The instructions 624 may further be transmitted or received over a communications network 626 using a transmission medium via the network interface device 620 utilizing any one of a number of transfer protocols (e.g., frame relay, internet protocol (IP), transmission control protocol (TCP), user datagram protocol (UDP), hypertext transfer protocol (HTTP), etc.). Example communication networks may include a local area network (LAN), a wide area network (WAN), a packet data network (e.g., the Internet), mobile telephone networks (e.g., cellular networks), Plain Old Telephone (POTS) networks, and wireless data networks (e.g., Institute of Electrical and Electronics Engineers (IEEE) 802.11 family of standards known as Wi-Fi®, IEEE 802.16 family of standards known as WiMax®), IEEE 802.15.4 family of standards, peer-to-peer (P2P) networks, among others. In an example, the network interface device 620 may include one or more physical jacks (e.g., Ethernet, coaxial, or phone jacks) or one or more antennas to connect to the communications network 626. In an example, the network interface device 620 may include a plurality of antennas to wirelessly communicate using at least one of single-input multiple-output (SIMO), multiple-input multiple-output (MIMO), or multiple-input single-output (MISO) techniques. The term “transmission medium” shall be taken to include any intangible medium that is capable of storing, encoding or carrying instructions for execution by the machine 600, and includes digital or analog communications signals or other intangible medium to facilitate communication of such software.


Various Notes & Examples

Each of these non-limiting examples may stand on its own, or may be combined in various permutations or combinations with one or more of the other examples.

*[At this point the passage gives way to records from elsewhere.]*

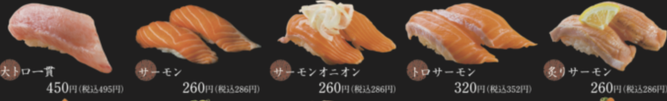
大トロ一貫 450円(税込495円) サーモン 260円(税込286円) サーモンオニオン 260円(税込286円) トロサーモン 320円(税込352円) 炙りサーモン 260円(税込286円)
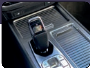
4x4 con bajo transmisión electrónica Shift By Wire con 8 velocidades
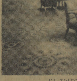
NA ZDJĘCIU: GŁOWNY HALL CAF
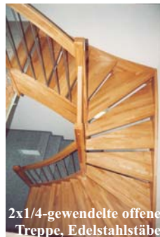
2x1/4-gewendelte offene Treppe, Edelstahlstäbe
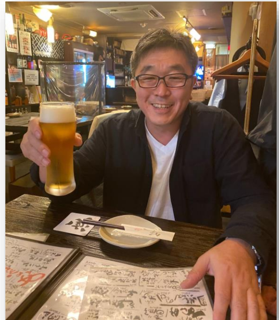
とりあえず、ビールで乾杯♪ 思わず顔がほころびます☆
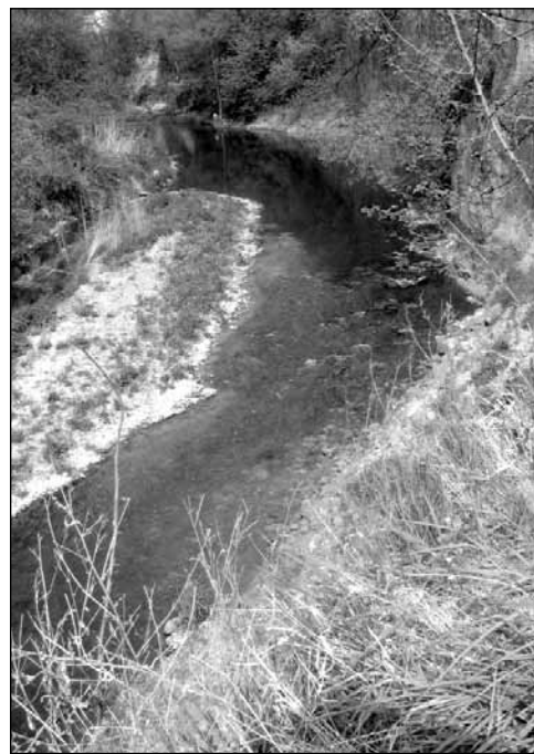
Krásná - zatím nezregulovaná - část řeky Olšavy.
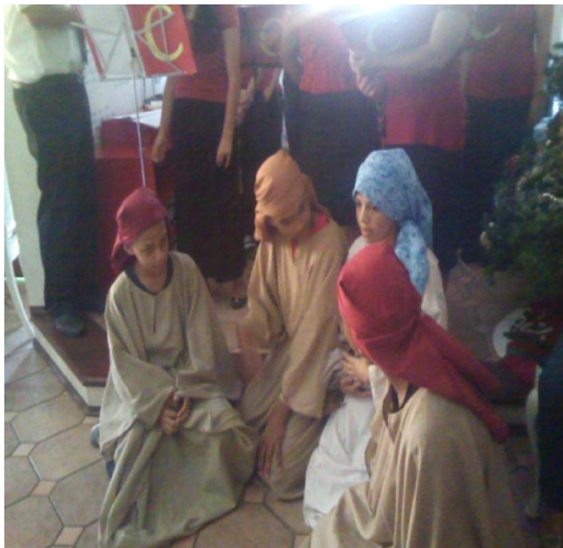
Encenação de Natal para as crianças e Família
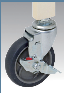
100φ自在 エラストマー車
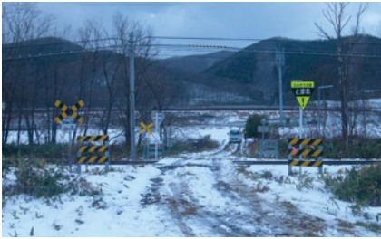
日中は反射材、夜間はLEDにより「ふみきり注意」と「まれ!」の文字が浮き上がって見え、そこに踏切があることが遠くからでもわかります。

次いで二番目です。北海道において、第四種踏切は全体の約八%に過ぎませんが、JR北海道では安全最優先の取り組みを隔々まで展開し、踏切事故防止を目指していきます。
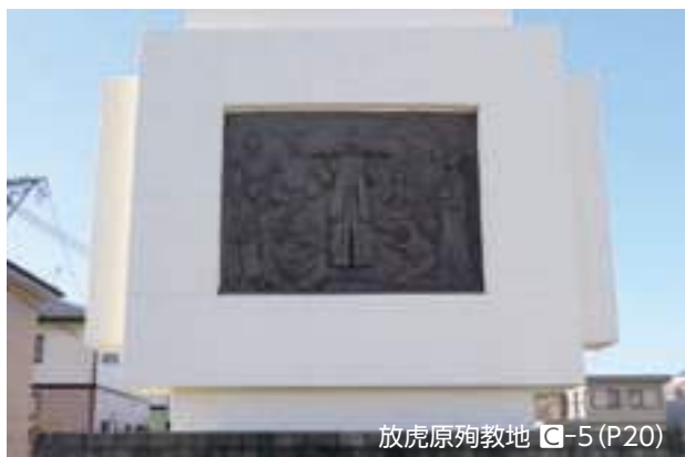
放虎原殉教地 ㊦-5 (P20)
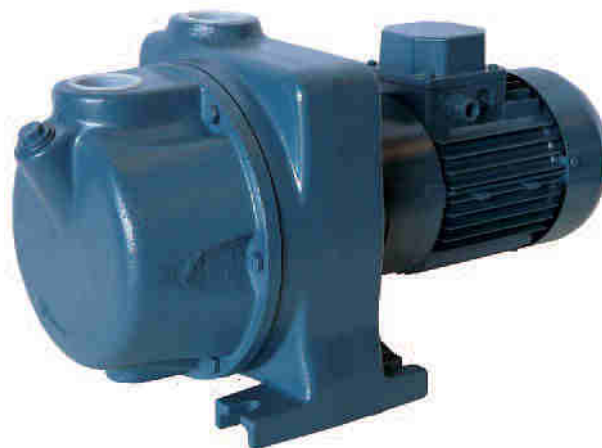
TABLA DE PRESTACIONES

Bajo demanda pueden suministrarse con soporte de rodamientos y eje libre.
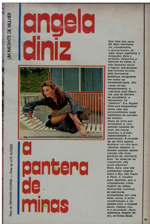
Figura 01: “A Pantera de Minas”
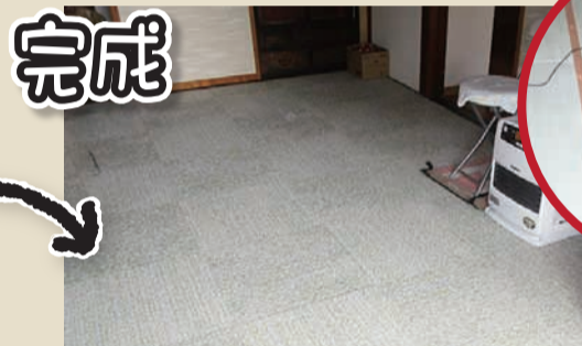
完成 佐久市 K様邸
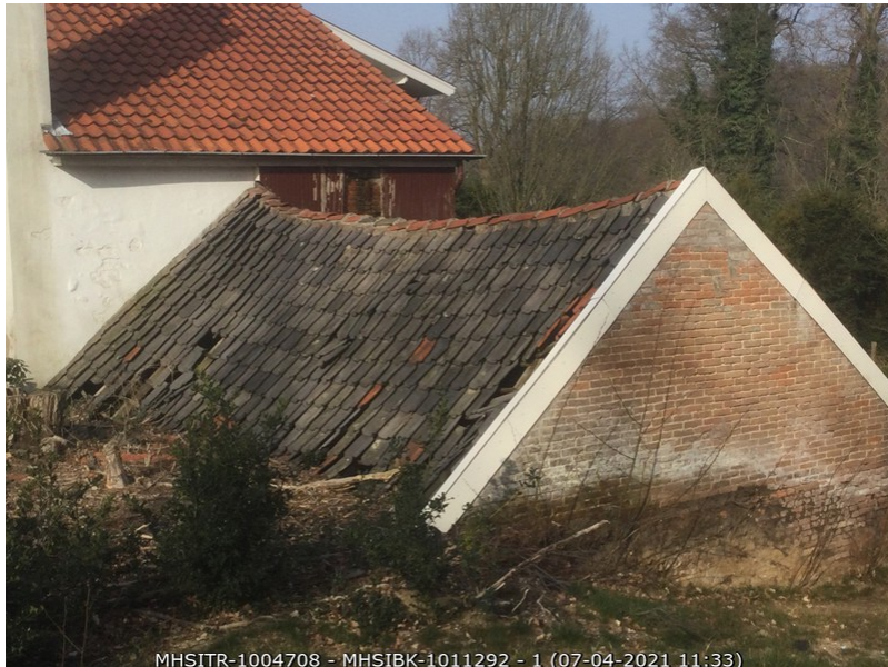
MHSITR-1004708 - MHSIBK-1011292 - 1 (07-04-2021 11:33)
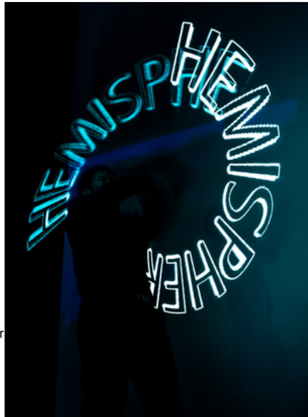
GRAFIK-TOYS Text-/Logo-Jonglage Till Pöhlmann

Die Grafik-Toys lassen sich auch hervorragend in den neuen Live-Lightpainting -Shows und Stationen einsetzen, hier bleiben die geschriebenen/ gemalten Schlagworte, Produkte und Logos zusätzlich zum Erscheinen in der Luft auch auf der Leinwand oder in den langzeitbelichteten Fotos stehen.
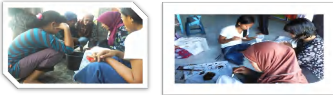
Gambar 6 Proses pencantingan/pencolotan, pewarnaan dasar, sampai dengan penjemuran
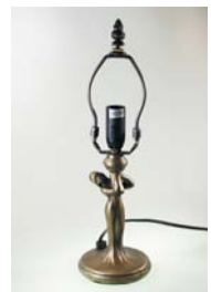
13 718 00 Zink Fuß 520 S 31,0 cm mit Elektrik Zinc base 311 12,2" wired
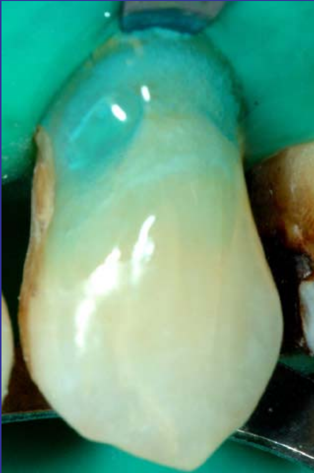
Aplicación de ácido

La aplicación del ácido, debe ir más allá de los límites previstos para la restauración.
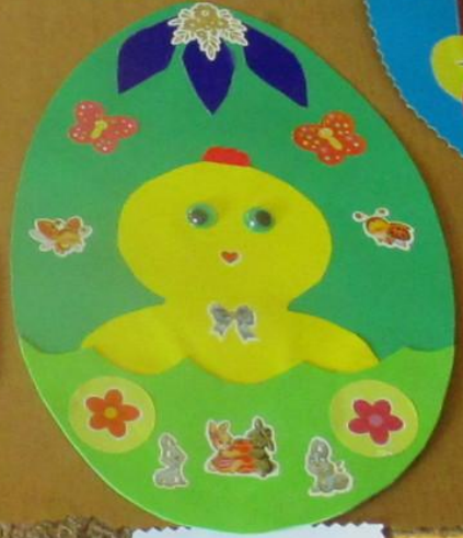
Почемучка «Тюмень» Аппликация «Пасхальное яйцо» Материалы: бумага, клей, ножницы МБУ ДОУ «Детский сад №10»
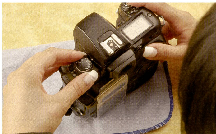
Je nach Kameramodelle wird die Einstellung für die Sensorreinigung im Menü oder an Einstellelementen an der Kamera vorgenommen. Der Spiegel muss ausgelöst, der Verschluss geöffnet werden, ohne dass der Sensor aktiviert wird.

Das lästigste Problem beim Fotografieren mit einer digitalen Spiegelreflexkamera ist der Staub, der bei jedem Objektivwechsel den Weg in die Kamera findet und sich dort irgendwann auf dem Sensor niederlässt. Wie wird man dem Problem Herr? Und: Soll man den Sensor etwa selbst reinigen?

Example 1 is a device for gesture controlled output, the device including processing circuitry to: receive sensor input information from a wearable device, the sensor input information including accelerometer data, gyroscope data, and magnetometer data; determine, using the sensor input information, a gravity vector and a magnetic field; determine a change in horizontal angle, rotational angle, or vertical angle based on the sensor input information, the gravity vector, and the magnetic field; determine a gesture based on the change in the horizontal angle, the rotational angle, or the vertical angle; and output an indication, based on the gesture, the indication including instructions for playing sound.


In Example 2, the subject matter of Example 1 optionally includes wherein the processing circuitry is further to determine an initial state of the wearable device and wherein the change in the horizontal angle, the rotational angle, or the vertical angle includes a change from the initial state.


In Example 3, the subject matter of any one or more of Examples optionally include wherein to determine the gesture, the processing circuitry is to use the accelerometer data to determine a three-axis linear acceleration vector.


In Example 4, the subject matter of Example 3 optionally includes wherein to determine the gesture, the processing circuitry is to determine a directional impulse vector using the three-axis linear acceleration and the gyroscope data.


In Example 5, the subject matter of any one or more of Examples 1-4 optionally include wherein to determine the gesture, the processing circuitry is to determine a wrist angle using the gyroscope data and the gravity vector.


In Example 6, the subject matter of any one or more of Examples 1-5 optionally include wherein to determine the gesture, the processing circuitry is to determine a forearm inclination using the gravity vector.


In Example 7, the subject matter of any one or more of Examples 1-6 optionally include wherein to determine the gesture, the processing circuitry is to determine a horizontal angle using the gravity vector and the magnetic field.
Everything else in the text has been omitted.